Former Public Works commissioner and prominent St. Croix businesswoman Ann Abramson was sentenced Wednesday to a two-and- a-half- year prison term following a 1999 conviction. She was found guilty of making false claims and false statements in connection with Federal Emergency Management Agency funds.
U.S. District Court Judge Thomas K. Moore sentenced Abramson to 30 months incarceration, after which she will be supervised for a probationary period of three years. She was also ordered to pay a $50,000 fine and to make restitution to the federal and local government in the amount of $79,639.

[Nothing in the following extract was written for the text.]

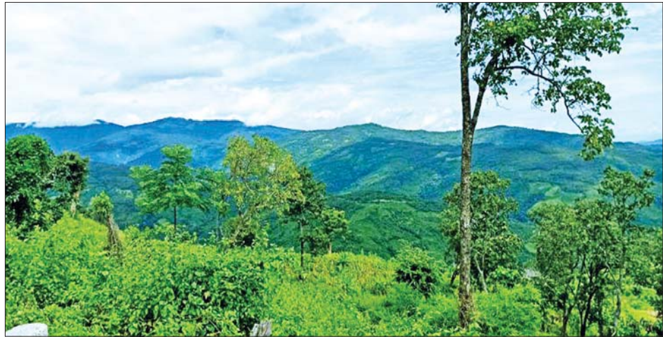
ပေါလယ်-ဝက်ချီပါ ကြိုးပြင်ကာကွယ်တော၏ သဘာဝရှုခင်းပုံ။

ပြည်ထောင်စုသမ္မတ မြန်မာနိုင်ငံတော်အစိုးရ သယံဇာတနှင့် သဘာဝပတ်ဝန်းကျင်ထိန်းသိမ်းရေး ဝန်ကြီးဌာနသည် ၂၀၁၈ ခုနှစ်တွင် ပြဋ္ဌာန်းထားသည့် သစ်တောဥပဒေပုဒ်မ (၆)၊ ပုဒ်မခွဲ (င) အရ အပိတ်နင်း ထားသော အခွင့်အာဏာများကို ကျင့်သုံး၍ မကွေး တိုင်းဒေသကြီး ဂန့်ဂေါခရိုင် ဂန့်ဂေါမြို့နယ်အတွင်း ကျောက်နေသည့် ဧရိယာအကျယ်အဝန်း ၆၈၀၀ ရှိသော နယ်မြေကို “ပေါလယ်-ဝက်ချီပါ ကြိုးပြင်ကာကွယ်တော” အဖြစ် အမိန့်ကြော်ငြာ စာအမှတ် (၁၂၀/၂၀၂၂) အရ ၁၃၈၄ ခုနှစ် ဝါခေါင် လဆန်း ၁၂ ရက် (၂၀၂၂ ခုနှစ် ဩဂုတ် ၈ ရက်) မှစ၍ သတ်မှတ်ကြောင်း ကြေညာလိုက်သည်။ ပေါလယ်-ဝက်ချီပါ ကြိုးပြင်ကာကွယ်တော ဧရိယာသည် ကာကွယ်တောအနီး ပတ်ဝန်းကျင်ရှိ ဒေသခံပြည်သူများ၏ စိုက်ပျိုးမြေများတွင် ရေရရှိ နိုင်သည့် ရေဝေရေလဲဒေသအား ထိန်းသိမ်းရန်၊

Also sentenced Wednesday was contractor Berthill Thomas, who was convicted of similar charges in the same case. Thomas was hit with a 21-month prison sentence, three years
supervised probation and a $40,000 fine. Thomas was ordered to make restitution in the amount of $113,639.
Of fines imposed during the sentencing, 90 percent were earmarked for the federal government while the territorial government will realize 10 percent of the fines.
Both defendants were ordered to pay a special assessment fee which is being imposed in most federal criminal cases. Thomas' fee totaled $700 while Abramson's special assessment fee came in at $200. The money from the fee is deposited into a crime victim/witness fund, according to Assistant U.S. Attorney Hugh "Pete" Mabe.
The October 1999 convictions stemmed from a contract approved by Abramson four years earlier when as Public Works Commissioner she ordered reconstruction work on the Department of Finance building on St. Thomas. Abramson, 80, though convicted on the two counts of making false claims and false statements against the government, was acquitted of charges of conflict of interest, conspiracy and bribery involving programs that received federal funds.
Both Abramson and Thomas will be required to surrender to federal authorities once the Bureau of Prisons has identified a facility on the U.S. mainland where they will serve out the jail terms handed down. Legal insiders suggested that an appeal of both sentences
will likely be filed in the days ahead.
Abramson was represented by attorneys George Cannon Jr. and Lawrence Schoenbach while Thomas was represented in federal court Wednesday by attorney Treston Moore.
Mabe represented the government during the sentencing proceeding which ended at almost 5:30 p.m.